To support this hypothesis, a series of laboratory shock experiments (which reproduced the conditions of the asteroidal impacts) produced quasicrystals with the same composition and structure as those found in the meteorite. So, it seemed that transient thermodynamic conditions, with highly heterogeneous pressure and temperature regimes, were needed to form quasicrystals in a natural setting. 

To further explore this theory, the attention moved to other materials formed in a very peculiar environment: samples from the first atomic site, the “Trinity site” (Alamogordo, New Mexico). On 16 July 1945 at the end of the Manhattan project, the large detonation of the first nuclear device produced the so-called trinitite, a combination of glass fused from natural sand and anthropogenic copper from transmission lines used during the nuclear test. Inside one trinitite fragment a new quasicrystal was found with a chemical composition not predicted in laboratory experiments. Yet, the thermodynamic conditions that generated trinitite were very similar to those that formed natural quasicrystals in meteorites. 

 

So the question was: Could quasicrystals be more common than thought? Given what we had learnt, they could also be the tip of a huge iceberg of novel materials to be discovered in the mineral kingdom. With this in mind, our team continued to investigate materials formed by exotic processes in nature. And the attention moved to fulgurites. These are relatively common tube-shaped, vitrified materials formed when lightning discharges into ground. Several fulgurites coming from different places around the world were studied and one, from Sand Hills (Nebraska), turned out to contain the first quasicrystal formed by electrical discharge. The Sand Hills quasicrystal exhibits 12-fold (dodecagonal) symmetry that is impossible for ordinary crystals. The 12-fold symmetry in a material formed by a natural process represents a novelty, as all the previous natural quasicrystals have 5-fold or 10-fold symmetry.
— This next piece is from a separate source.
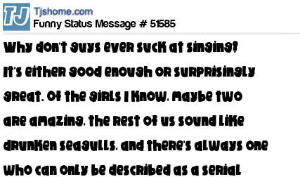 X Why don't guys ever suck at singing? It's either good enough or surprisingly great. Of the girls I know, maybe two are amazing, the rest of us sound like drunken seagulls, and there's always one who can only be described as a serial ear murderer.
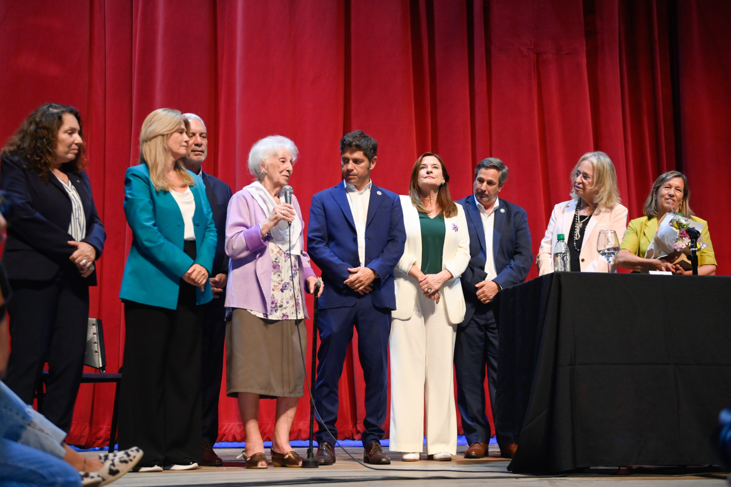 El encuentro fue en la Sala Ginastera del Teatro Argentino, con la especial presencia del gobernador de la provincia de Buenos Aires, Axel Kicillof, la vicegobernadora Verónica Magario; la ministra de Mujeres y Diversidad, Estela Díaz; la presidenta de la SCBA, Hilda Kogan; el presidente del Colegio de Magistrados, Matías Rappazzo; y el intendente local, Julio Alak.

It is also another example of a composition discovered in nature prior to being discovered in the laboratory and, even more important, the dodecagonal quasicrystal was formed by a completely uncontrolled process, lasting perhaps a few minutes, yet resulting in almost identical to industrial synthetic quasicrystals with similar composition. 

We characterized the Sand Hills dodecagonal quasicrystal by transmission electron microscopy, a technique able to give information on the distribution of the atoms in the structure. The analysis showed that the real space structure consists of a homogeneous, quasiperiodic, and 12-fold symmetric pattern composed of dodecagonal clusters. 

 

Overall, the Sand Hills quasicrystal has revealed a possible new approach to obtain quasicrystals by synthesis methods. Additionally, the finding of a quasicrystal formed by an electrical discharge may give information on the meteorite where the first quasicrystals were found. In particular, this could reveal the highly reducing conditions needed to explain the presence of metallic aluminium in the quasicrystals and several of the crystalline phases found in the meteorite that cannot be explained by the impacts alone. It has been recently demonstrated that intense reducing conditions can be generated by the possible presence of lightning strikes in the solar nebula. Therefore, such natural phenomena might be crucial to promote the quasicrystal formation and, who knows, also of other novel materials that have yet to be envisioned.